ABSTRACT
Sociological scholarship on Latinx education and incarceration has been largely bifurcated, vexed by the seemingly incommensurable experiences of Latinxs that have attained their Ph.D.s and Latinx adolescents that have been pushed out of academia via the school-to-prison pipeline. This tendency of studying in isolation of what can be considered the poles of what might be considered a Latinx exceptionality and disposability continuum has led to the segmented study of each of these populations as separate and isolated processes.
In an attempt to address this practice, my research reorients the lens to not see only one population as a site of inquiry but instead pans out to look at how two seemingly oppositionally construed groups of the same gender and racial strata navigate the institutions that they find themselves in.
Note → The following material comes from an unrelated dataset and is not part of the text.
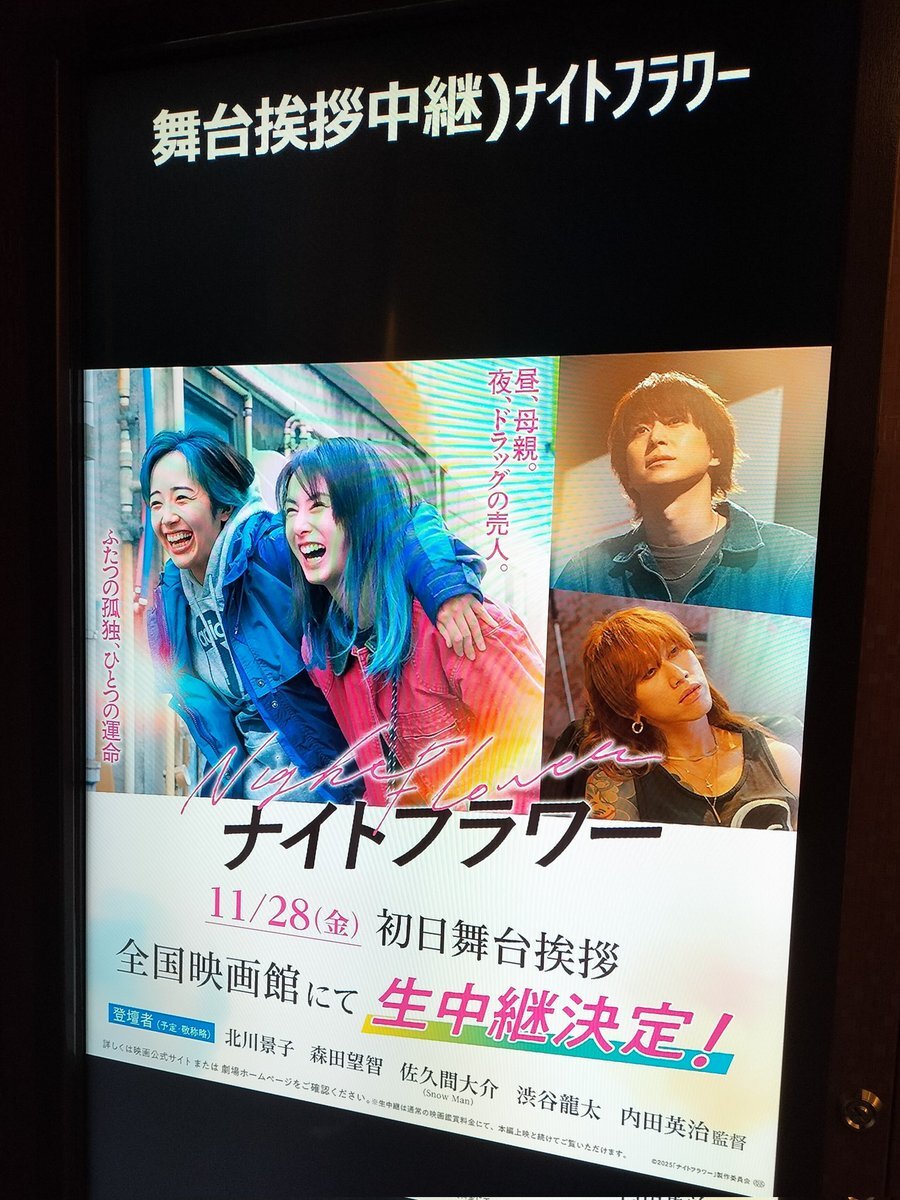 #ナイトフラワー見たよ 映画見終わって、明るくなって、余韻に浸って、 さあ、帰ろうかなって思ったら liveビューイングのお知らせが出てきた このために来たのに 映画見たら ライブビューイングを忘れてた💦 そして 「えー⁉️また見なきゃ‼️」 ってなりました #ナイトフラワー見た #佐久間大介 x.com/SAK_SAK_SAKUMA…

More specifically, my research seeks to establish parallels in how formerly incarcerated Latinas (those deemed ‘disposable’) navigate the Prison Industrial Complex and how Latina professors with Ph.D.s. (those deemed ‘exceptional’) navigate the Academic Industrial Complex and how these institutional operate despite having seemingly opposite functions. Utilizing a mujerista portraiture methodological framework, I conducted interviews/critical narratives with twenty formerly incarcerated Latinas and twenty Latina professors with Ph.D.s from carceral communities. Grounded in an Althusserian state apparatus framework informed by the intersectionality of the multiple layers of marginalization of these Latinas, my study asks the following questions: 1) What are the continuities in the gendered racialization of Latina prisoners and professors? 2) How do the sanctioned socialization processes of carceral and educational institutions socially control the parameters of these scripts? 3) In what ways do these State Apparatuses benefit from the disposability of Latina prisoners and the exceptionality of Latina professors? Finally, I ask 4) what is the shared ideological constellation that could facilitate a union between Latina faculty and incarcerated Latinas. The areas of inquiry that I connect are violence, social embeddedness, and institutionalization.
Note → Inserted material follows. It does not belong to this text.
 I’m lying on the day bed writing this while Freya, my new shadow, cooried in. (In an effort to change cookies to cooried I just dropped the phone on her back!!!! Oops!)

I argue that despite socially constructed as opposites, Latina professors deemed as exceptionals and criminalized Latinas deemed as disposables are deliberately situated as such within the public imaginary to serve a powerful narrative about worth. The individualizing of professoriate success obscures the intense struggles that working class origin Latinas overcome and the village of support that these women rely on to reach that point. Meanwhile, the individualization of Latina criminalization conceals the hyperbolic interpersonal and structural violence that these women contended with that catalyzed their trajectories of criminalization. Working in conjunction, this construction preaches a neoliberal meritocratic narrative that puts the onus of human behavior and outcomes on the individual all while enacting policies and practices that have devastating consequences in the lives of Latinas inside and outside of carceral communities. Regardless of where they are situated along the exceptionality and disposability continuum, Latinas are forced to navigate institutions whose formal and informal protocols contribute to the reification of Latina devaluation and replication of the existing neoliberal social order. Thus, the many parallels in experiences before and after entering the carceral and educational institutions and the interconnectedness of fates between both groups provide a strong basis for these two groups to unite against their collective struggle. Such a union would demonstrate powerful praxis in refuting the veracity of the exceptionality and disposability continuum.